Rogue is a fictional account of a massive 30 foot monster reptile while Black Water is supposedly based on real events, and features a more realistic sized beast. 
The tension in Black Water probably surpasses that of Rogue, with the water level camera work helping to add some chills. But overall it seems to lack something. 

The main characters Grace (Glenn), Lee (Dermody) and Adam (Rodoreda) decide to explore some of the Australian landscape and after visiting a crocodile farm, they take a fishing trip. Before long their boat has been upturned and their guide is killed and they are forced to take refuge in a tree in the vast mangrove swamp. With nobody knowing where they are, and no means of communication (mobile phones and water don't mix) they have to make the decision to stay and wait for help or try to right the boat and escape. But the crocodile has other ideas.

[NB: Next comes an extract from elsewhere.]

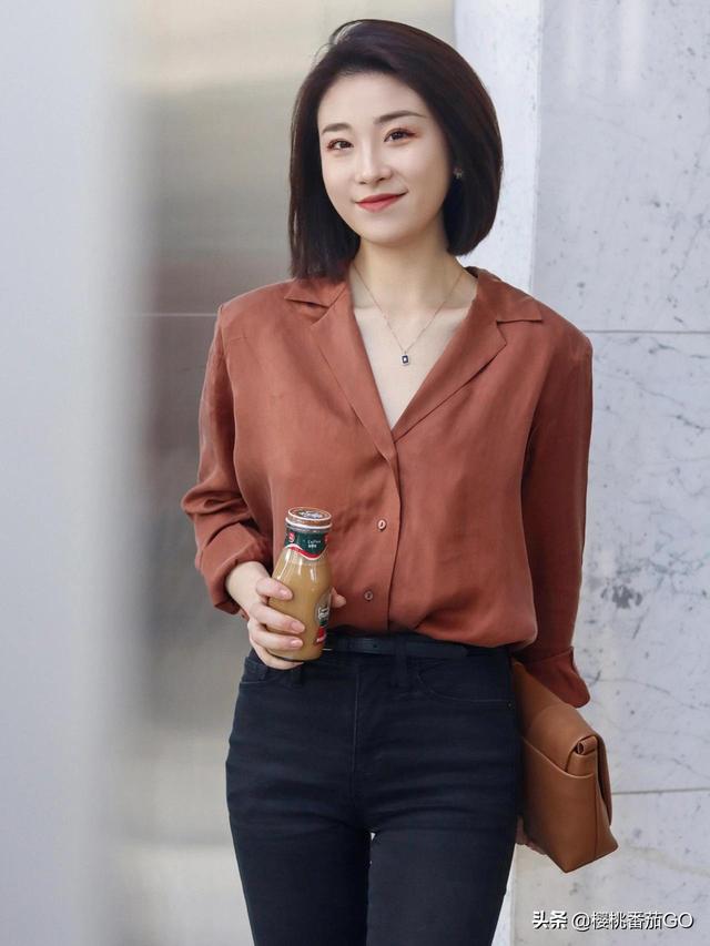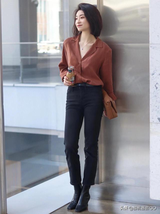 简约的通勤风。这件奶奶风外套也可以搭得很时尚不是?

The acting is above average but not fantastic, and the writing is great. Unfortunately though, Black Water suffers from the same problem that other similar films do. There's only so much time you can watch a small group of people trapped in the same spot without it getting tired and repetitive. And with a cast of only three, you already know that one of them will survive which doesn't leave a lot of room for gory death scenes.

The fact that this film is based on real events is supposed to make it more frightening, but unfortunately it seems to fall short. The fact that everything in Rogue (the cast, the crocodile, the special effects) is bigger and better is what makes it such a superior film. Black Water tries hard, but in the end it seems to lack bite.